Common types of experiments

  • Non-distributional baseline

    • decode_token_handler = eval.pipeline.feature_handlers.BaseFeatureHandler
    • must_be_in_thesaurus = False
  • Standard feature expansion

    • decode_token_handler = eval.pipeline.feature_handlers.SignifierSignifiedFeatureHandler
    • must_be_in_thesaurus = False
  • Extreme feature expansion (EFE)

    • decode_token_handler = eval.pipeline.bov_feature_handlers.SignifiedOnlyFeatureHandler
    • must_be_in_thesaurus = False
    • neighbours_file = data/random_vectors.h5 (something)
  • Non-compositional EFE

    • decode_token_handler = eval.pipeline.feature_handlers.SignifiedOnlyFeatureHandler
    • must_be_in_thesaurus = False
    • neighbours_file = data/random_vectors.h5 # some vectors
    • feature_extraction > train_time_opts > extract_unigram_features = J, N, V
    • feature_extraction > train_time_opts > extract_phrase_features = ,
    • feature_extraction > decode_time_opts > extract_unigram_features = J, N, V
    • feature_extraction > decode_time_opts > extract_phrase_features = ,
  • Using clustered representation

    • decode_token_handler = eval.pipeline.multivectors.KmeansVectorizer
    • must_be_in_thesaurus = False
    • neighbours_file = , # empty list
    • clusters_file = asdf.kmeans # some file produced by clustering step above
  • Remove PoS tag from entries ("cat/N_food/N" -> "cat_food")

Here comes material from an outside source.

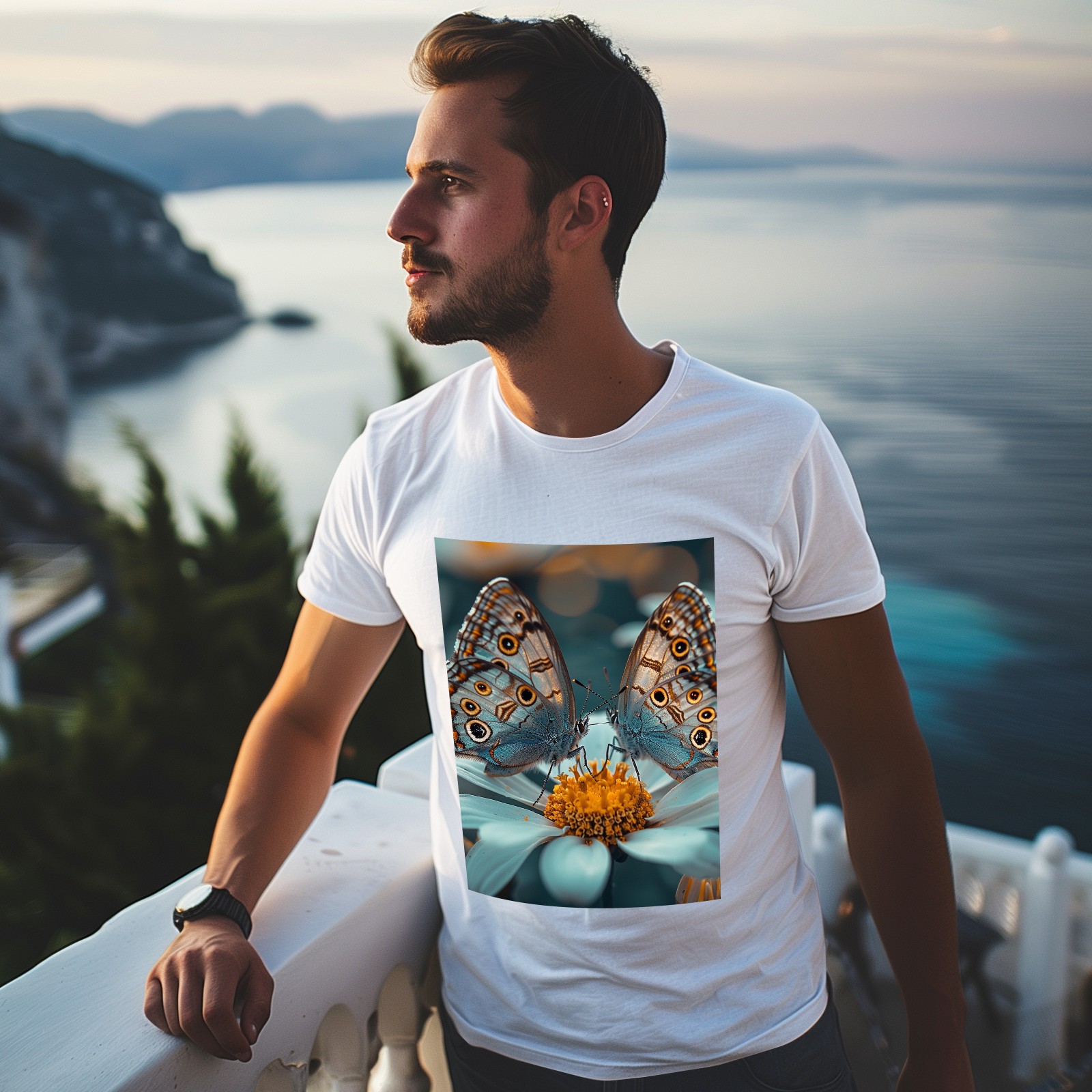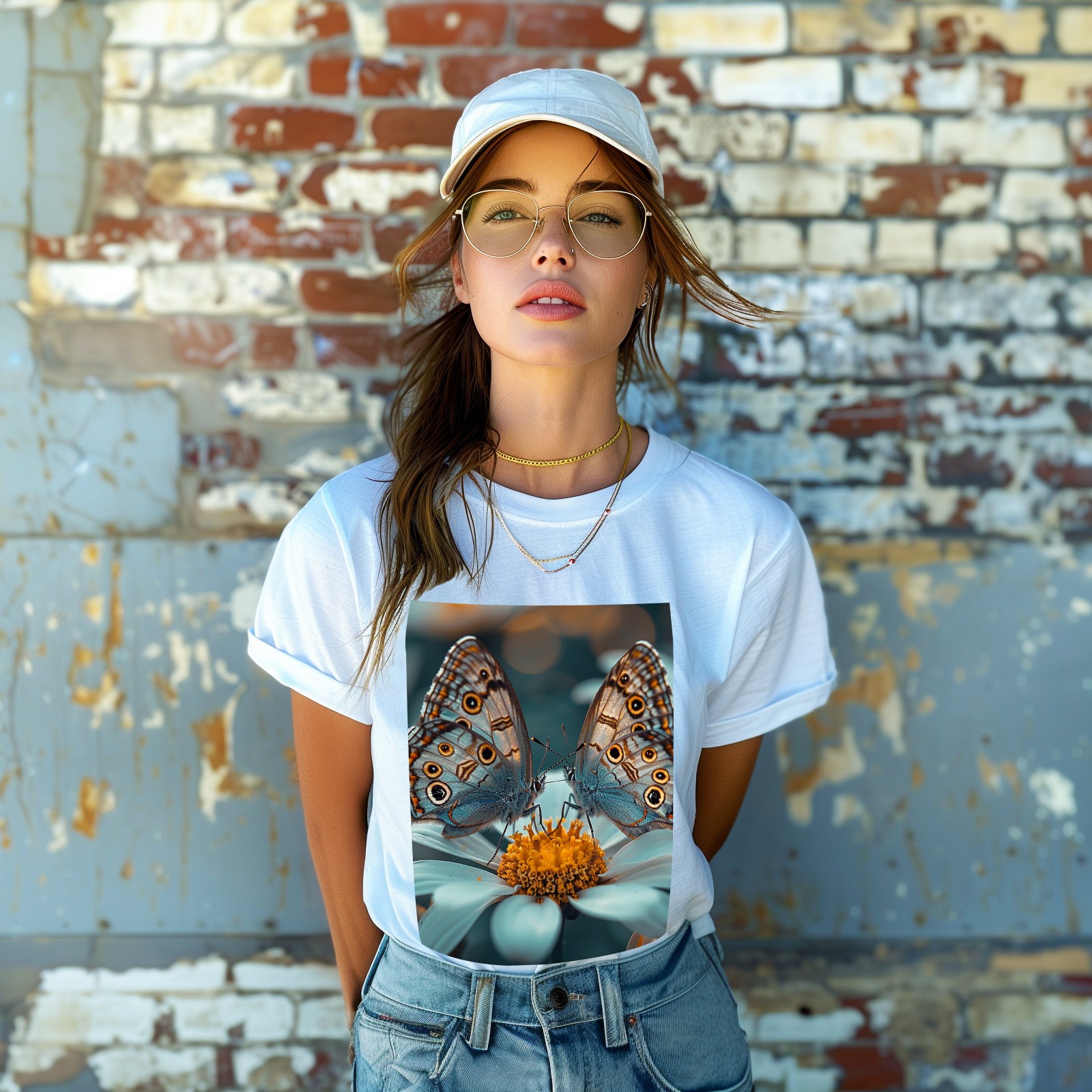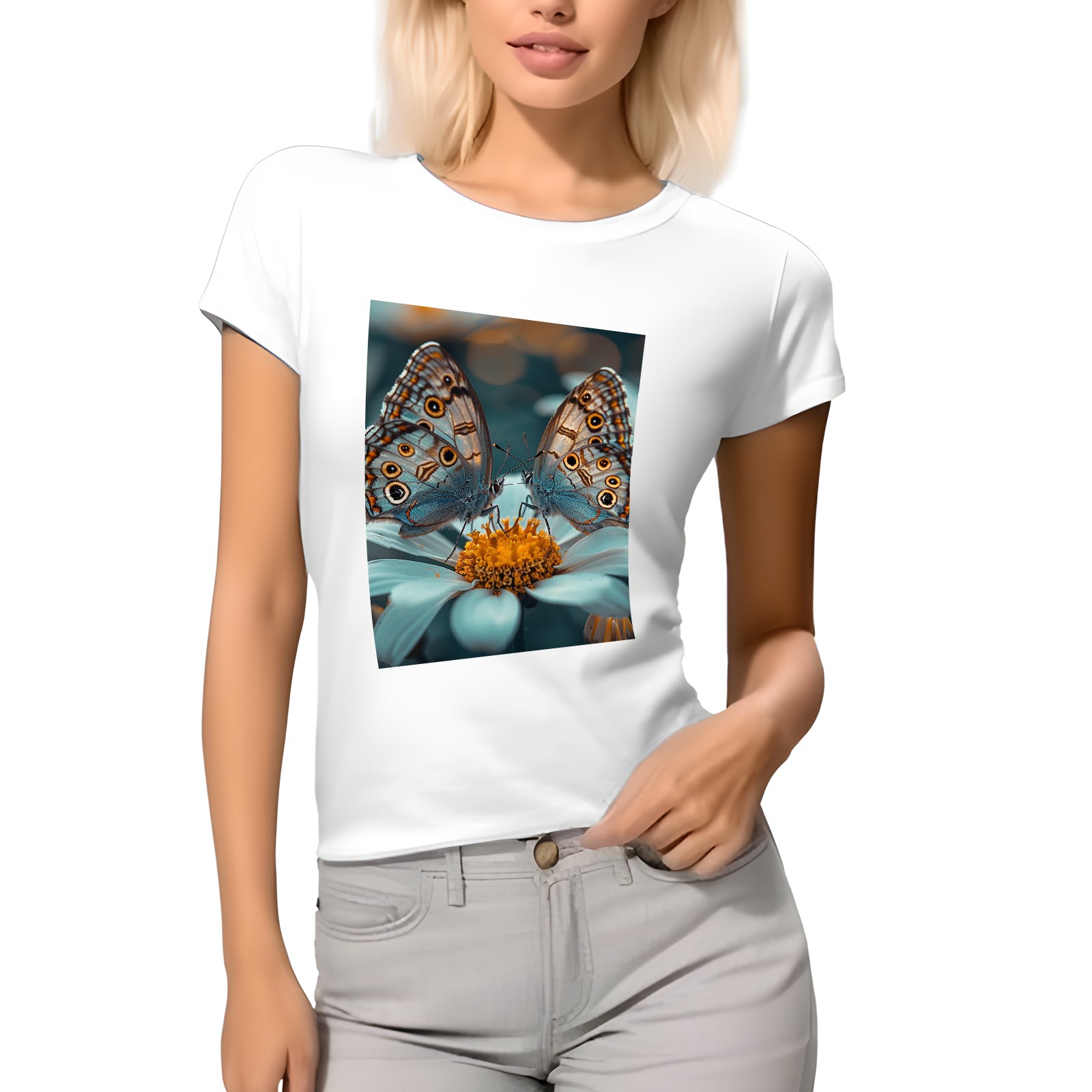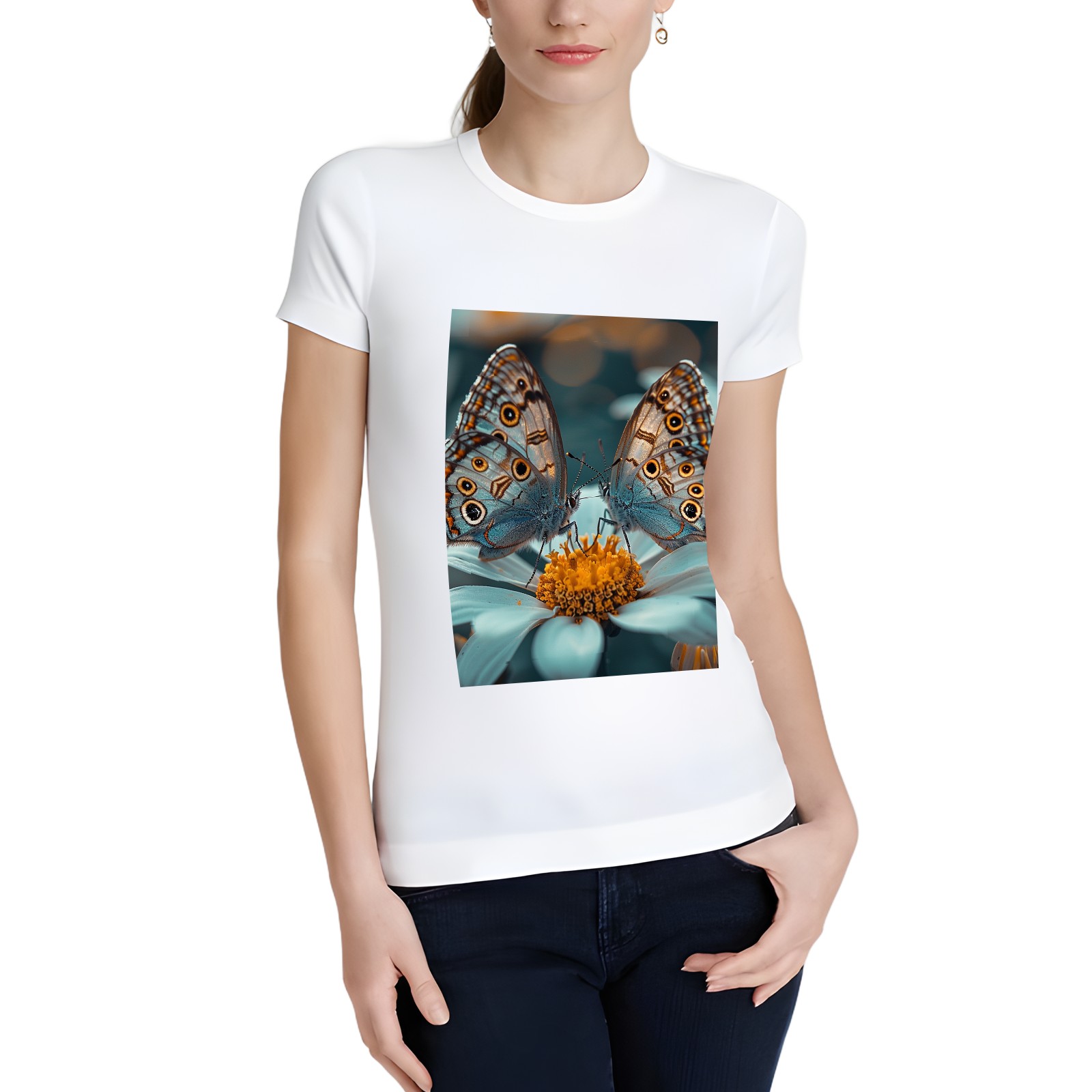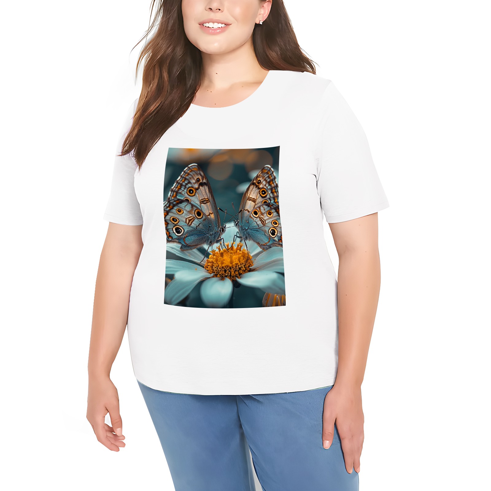 Basic Oversize Tees For WomenButterfly Loose Boyfriend Shirts Casual Blouse round neck

    • feature_extraction > remove_pos = True
    • the labelled data is still PoS tagged, so you can filter features by type (e.g. AN, J, N). Nearest-neighbour queries are done without a PoS tag, so it is OK if your unlabelled is not tagged.

Common configuration pitfalls:

  • features extracted and train time do not overlap with (or are not distributionally comparable to) those at test time, e.g. nouns only at train time and verbs only at test time
  • feature selection too aggressive. This can be because min_test_features is too high, or because the distributional model (neighbours_file) does not contain vector for most of the document features.
  • mismatch between preprocessing of labelled and unlabelled data, e.g. distributional vectors say cat/NNS and labelled documents say cat/N. Settings to watch are use_pos, coarse_pos and lowercase.

Code

Run unit tests with

cd ~/projects/dc_evaluation
py.test tests # OR python setup.py test OR runtests.py

TODO

  • move tests to sane packages and reorganise
  • separate phrase extraction from a dep tree to a new module
  • check all entry points take only cmd line args- no need to tweak source!